The Robin Hoods in this northern Greek town sport rubber gloves, fuses and orange stickers.
Nearly two years of pay cuts, job cuts and tax hikes have pummeled living standards in debt-crippled Greece and the country is facing record unemployment and a fourth year of recession in 2012. On a personal level, that means many in Veria can’t pay for basic necessities such as electricity and end up getting cut off from the grid.
That’s where the “Citizens of Veria” activists step in.
The group illegally reconnects needy households back to the electric grid in a direct challenge to the country’s dominant power provider, the Public Power Corporation.
“By cutting off power, (PPC) punishes young children, elderly people and generally those who can’t cope without it,” said activist Nikos Aslanoglou. “We decided that we had to reconnect them. We’re not hiding, everybody knows who we are.”
He says the group has so far reconnected dozens of households, particularly in the villages and small towns outlying Veria.
Greece sank into a financial crisis in 2009 after it emerged that authorities had been falsifying financial data for years. The fallout from that blocked the country’s access to bond markets. Greece only escaped bankruptcy with a euro110 billion ($147 billion) international rescue loan in May 2010, and when that was not enough, a second, euro130 billion ($174 billion) rescue deal that awaits final approval.

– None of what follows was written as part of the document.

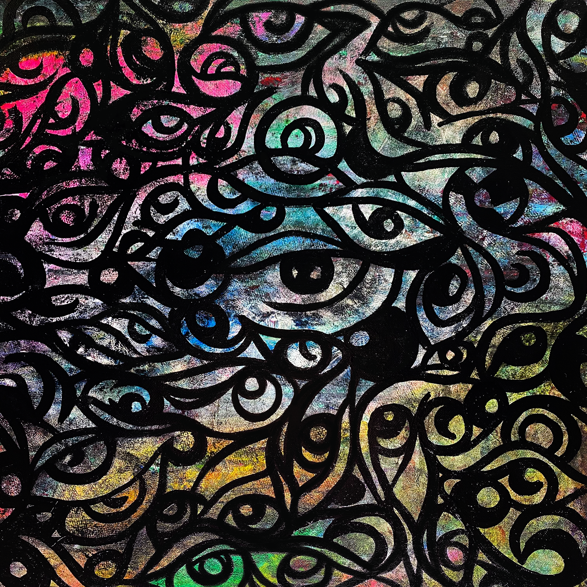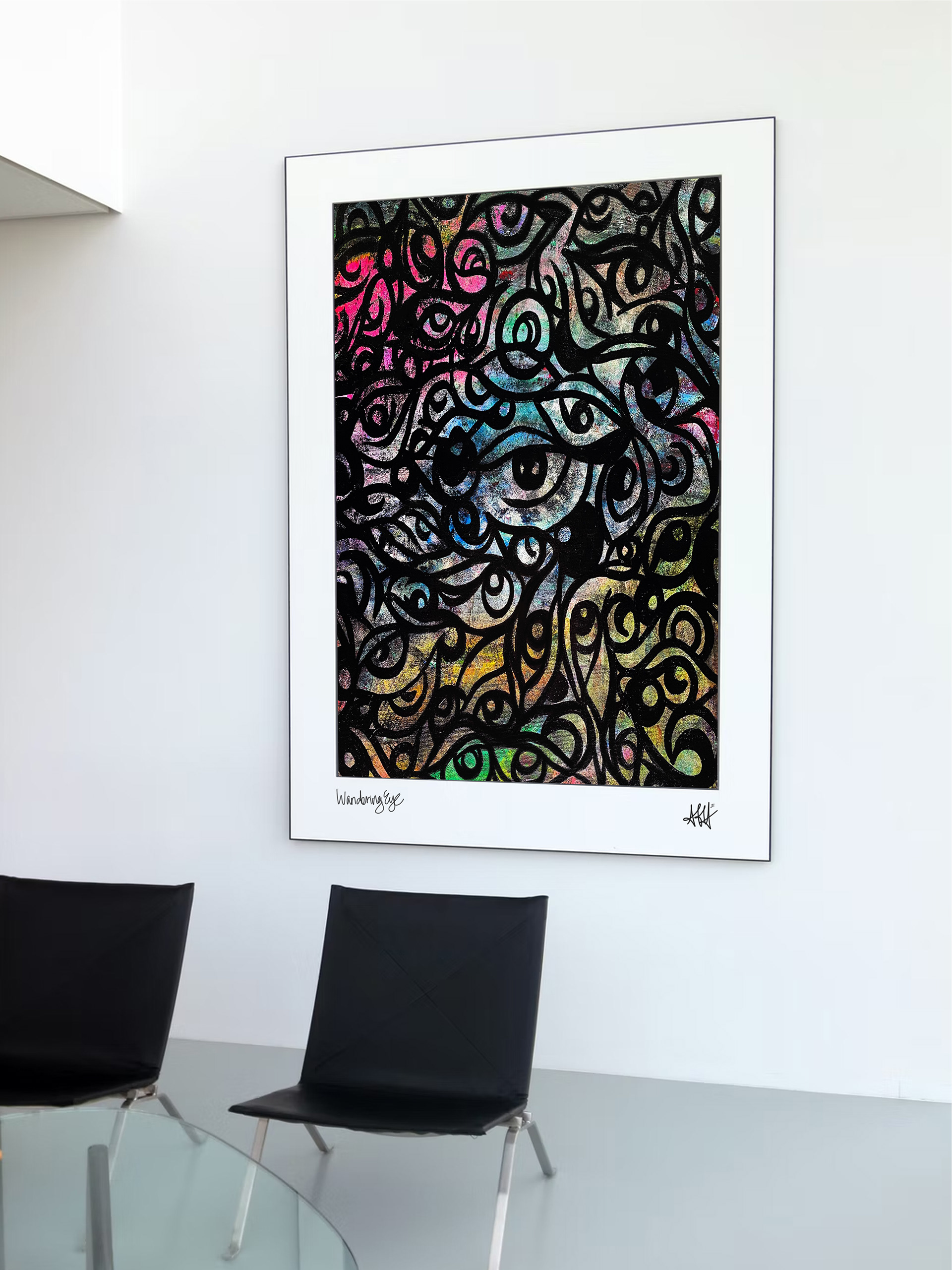 Wandering Eye is an acrylic painting print series made of textured colorful layers and single stroke black eye lines.

In return, the government has promised to slash bloated budget deficits through harsh austerity measures.
As jobs become rarer and worse-paid, many in this northern farming region are falling through a weakening social safety net. In the village of Agia Marina, 9 miles (15 kilometers) from Veria, activists recently reconnected the house of a disabled, 34-year-old single mother, who lives with four of her five children.
As they left, they placed an orange sticker on the electricity meter that reads: “Citizens of Veria. Social solidarity. We are reconnecting the power.”
The woman’s eldest daughter, a 19-year-old student, said before the activists came her siblings — aged from 6 to 18 — had to study by candlelight or with oil lamps in an unheated house.
“Our only income is a euro400-euro500 ($535-$668) welfare payment every two months,” said the student, Vasso. “PPC disconnected us because we owed them money, and we were left in the dark for about a month, but then some gentlemen came and reconnected us. Now we have heating again.”
She didn’t want her full name used because she was afraid authorities would track down her family.
What the activists are doing is illegal and can be punished by more than ten years’ imprisonment depending on the size of the outstanding bills, although in most cases sentences do not exceed five years.
“Greek law treats the theft of electricity like any other common theft,” University of Thessaloniki law professor Lambros Margaritis said.
Undeterred, a three-strong activist team recently reconnected a house in the small town of Meliki, where a 54-year-old woman lives with her two unemployed sons in their thirties. Working deftly, it took them 15 minutes.
“We’re not stealing, the electricity consumption is recorded,” Aslanoglou said. “The poor houseowners can’t face consequences, it’s us who do the reconnecting.”
Hence the stickers.
Veria activists claim their campaign is catching on in other parts of the country — particularly since the introduction in September of a deeply resented new property tax levied through power bills. People who can’t pay the new tax face losing their power supply.
That prospect has enraged even PPC employees, who staged a sit-in at a company office in Athens to disrupt the collection of the new emergency tax.
While the Veria municipal authority says have-nots should not be disconnected over the new tax, Mayor Haroula Ousountzoglou says the activists are going too far.
“What the group is doing may be very romantic, it is, however, dangerous,” Ousountzoglou told the AP. “PPC just goes and cuts off the electricity again, and imposes additional charges.”
In cases of repeated illegal reconnection, homeowners can also face prosecution — or have their link severed at the nearest electricity pole, a drastic move that activists are powerless to counter.
PPC public relations officer Kimon Stergiotis warned that the company is determined to protect its interests.
“To illegally reconnect cut power links poses severe threats to the life and property of unsuspecting citizens,” he said. “In any case, PPC will use the law to its utmost severity.”
Ousountzoglou said her town has about 330 families on a welfare program that sometimes includes assistance in paying power bills.
“But our funds are constantly dwindling, and I keep making the rounds of local firms to ask for contributions,” she added.
The Veria mayor has threatened to sue PPC if people who really can’t pay the property tax are left without power.
“We told them we’re not joking,” she said. “PPC can’t behave like that to needy people.”